Created attachment 1672741 [details] all logs Description of problem: When the controller is installed in a 3.9 cluster, all migrations fail Version-Release number of selected component (if applicable): 1.1.2 CAM stage How reproducible: Always Steps to Reproduce: 1. Prepare 2 clusters to perform migrations. One of them must be version ocp3.9 and the other ocp4.3 2. Install the controller in the 3.9 cluster 3. Run any migration Actual results: The migration fails with this failure $ oc get migmigration -o yaml .... status: conditions: - category: Advisory durable: true lastTransitionTime: 2020-03-23T15:22:45Z message: '[1] Stage pods created.' status: "True" type: StagePodsCreated - category: Critical lastTransitionTime: 2020-03-23T15:23:04Z message: 'Reconcile failed: [pods "restic-26mz2" is forbidden: User "system:serviceaccount:openshift-migration:migration-controller" cannot delete pods in the namespace "openshift-migration": User "system:serviceaccount:openshift-migration:migration-controller" cannot delete pods in project "openshift-migration"]. See controller logs for details.' status: "True" type: ReconcileFailed phase: RestartRestic Expected results: The migration should run without failures Additional info:
*** Bug 1816235 has been marked as a duplicate of this bug. ***
https://github.com/konveyor/mig-operator/pull/259 PR moves the overall deployment to use the same SA (migration-controller) regardless of where things are deployed. Ensures consistent permissioning.

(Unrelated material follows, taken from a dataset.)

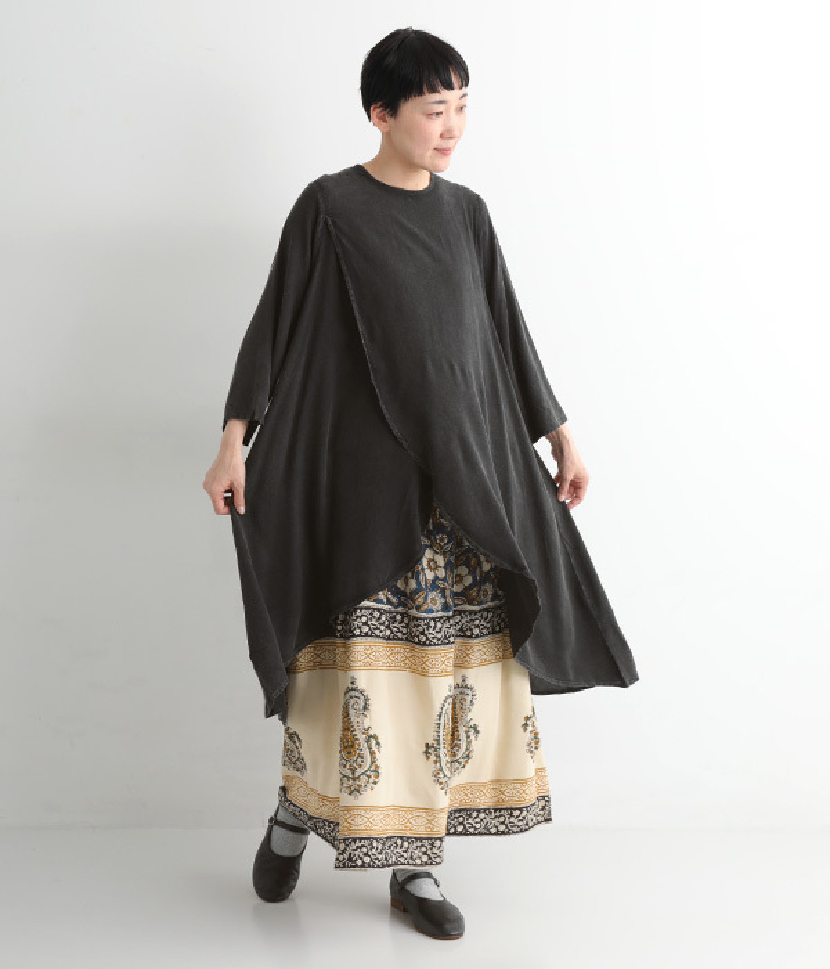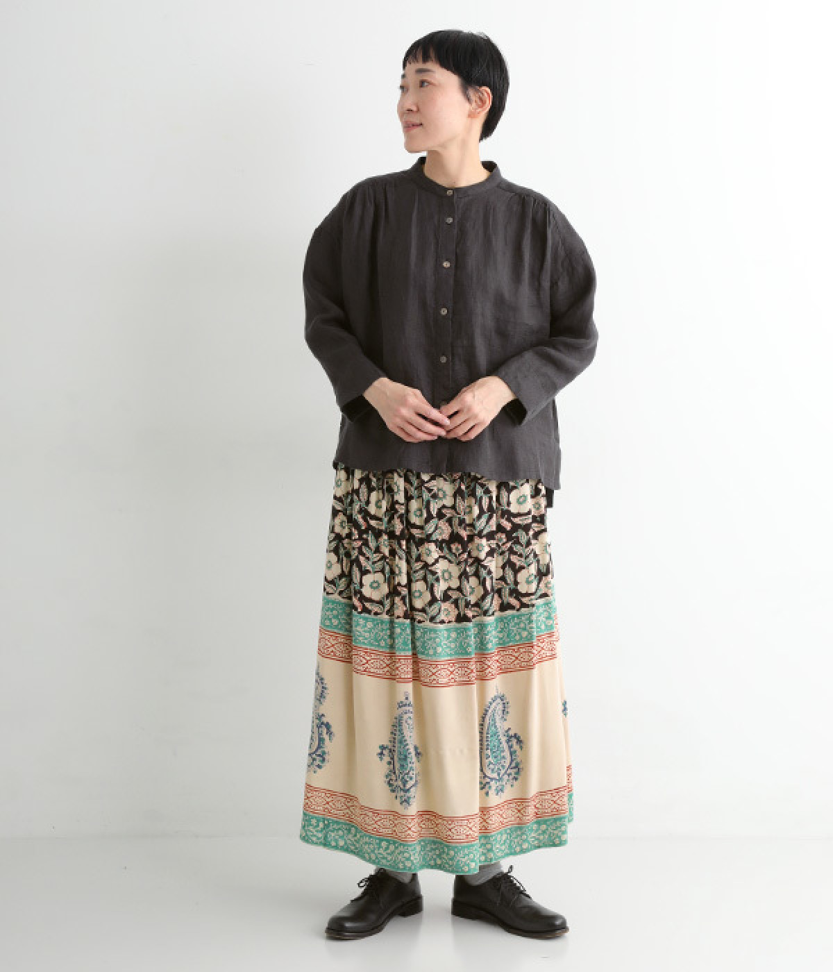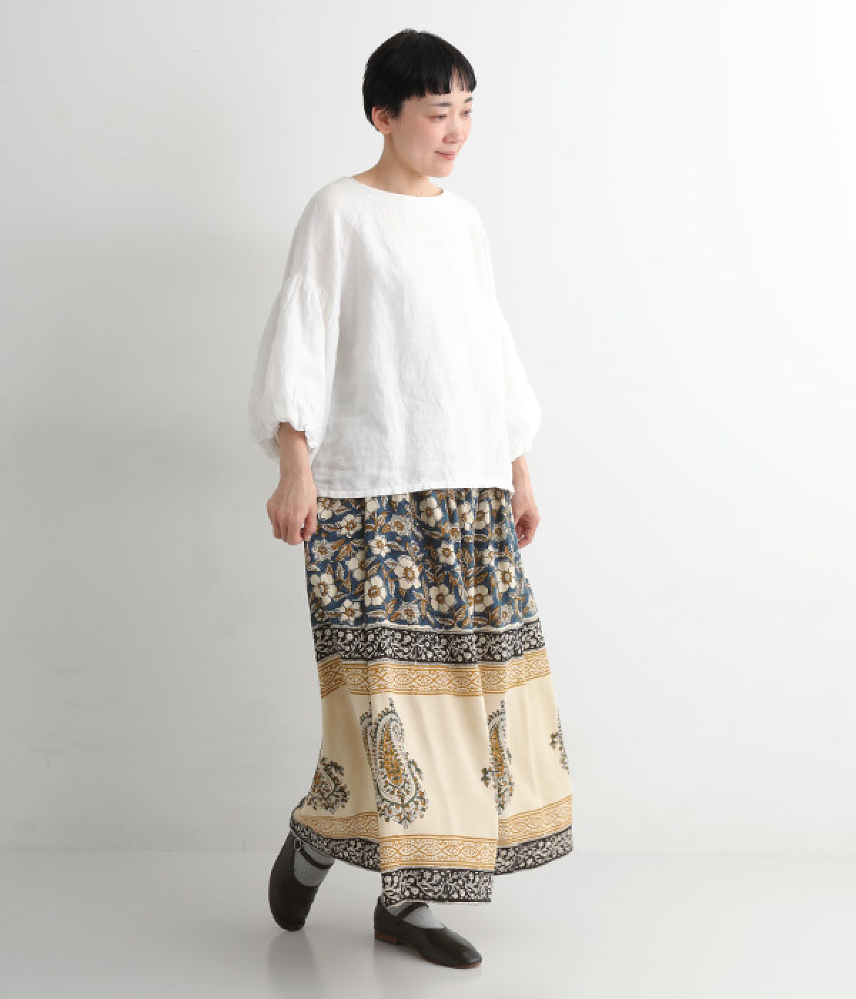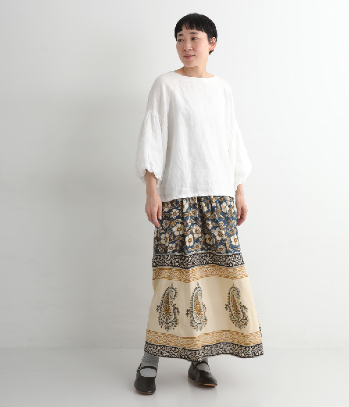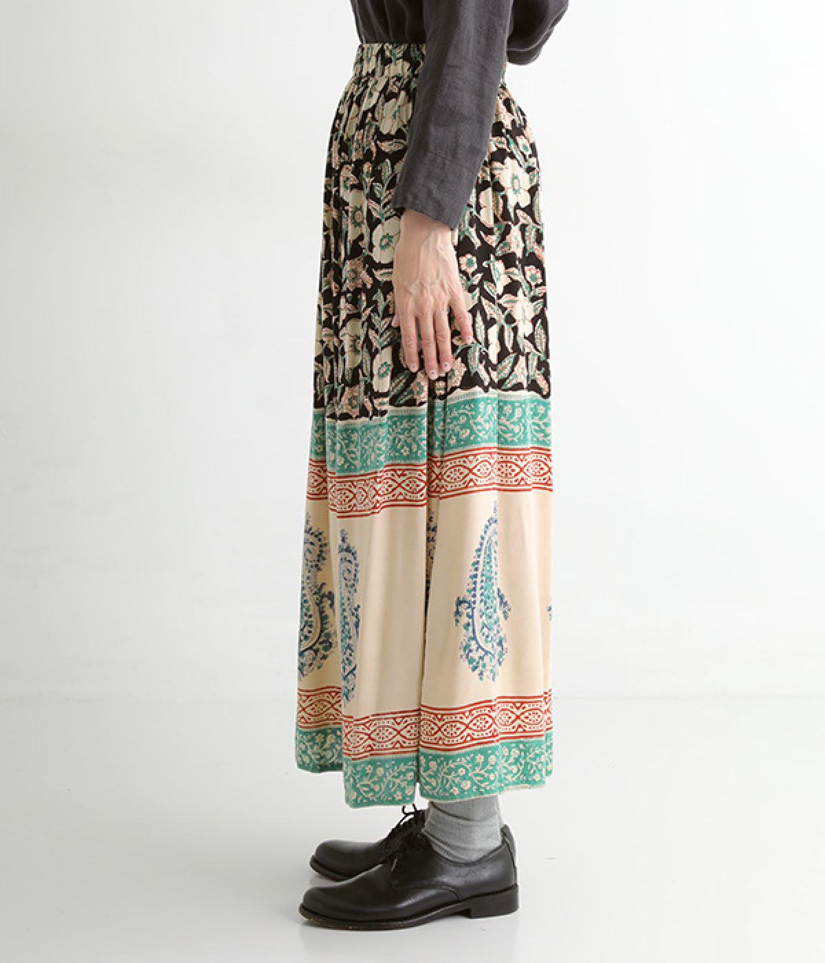 花やペイズリーなどのさまざまな柄を組み合わせたロングスカートです。裾には大きな柄を配置してアクセントに。ウエストは幅広めのゴムを入れて、すっきりと仕上げています。無地のシンプルなトップス合わせで、柄を主役にしたコーディネートもおすすめ。

Using CAM 1.2 stage we found this problem when deploying the controller on 3.9 TASK [Gathering Facts] ********************************************************* An exception occurred during task execution. To see the full traceback, use -vvv. The error was: KeyError: 'getpwuid(): uid not found: 1000130000' fatal: [localhost]: FAILED! => {"msg": "Unexpected failure during module execution.", "stdout": ""} We move the BZ to ASSIGNED.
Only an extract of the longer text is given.